Raw data ->
▬▬▬▬▬▬▬▬▬▬
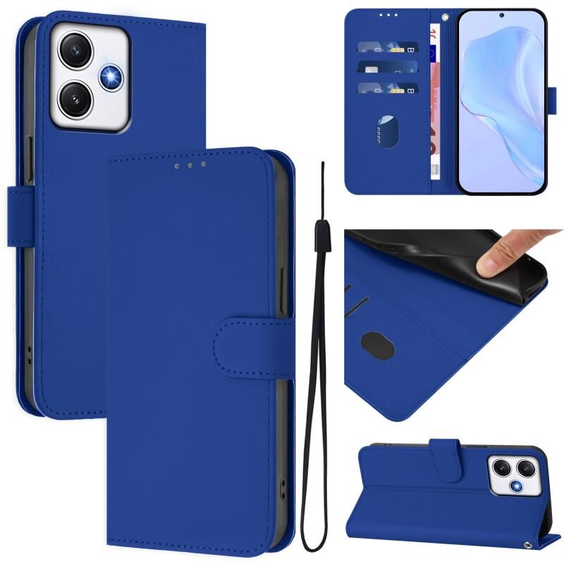 Θήκη τηλεφώνου Xiaomi Poco M6 Pro 5G με αίσθηση δέρματος, μονόχρωμη, από δέρμα με κορδόνι (Σκούρο Μπλε)
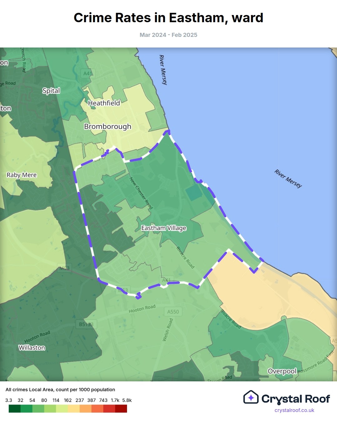 Eastham, (ward) includes areas with the following crime ratings (see map):
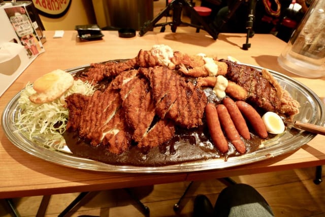 全部あわせて1.5kgならいけるけど、ライスだけで2kgならトッピングとルーあわせて3kgくらい? 無理無理
▬▬▬▬▬▬▬▬▬▬
Brief -> Your reply should restate the data above word for word and contain no pictures.

Exercise answer ->
 Θήκη τηλεφώνου Xiaomi Poco M6 Pro 5G με αίσθηση δέρματος, μονόχρωμη, από δέρμα με κορδόνι (Σκούρο Μπλε)
 Eastham, (ward) includes areas with the following crime ratings (see map):
 全部あわせて1.5kgならいけるけど、ライスだけで2kgならトッピングとルーあわせて3kgくらい? 無理無理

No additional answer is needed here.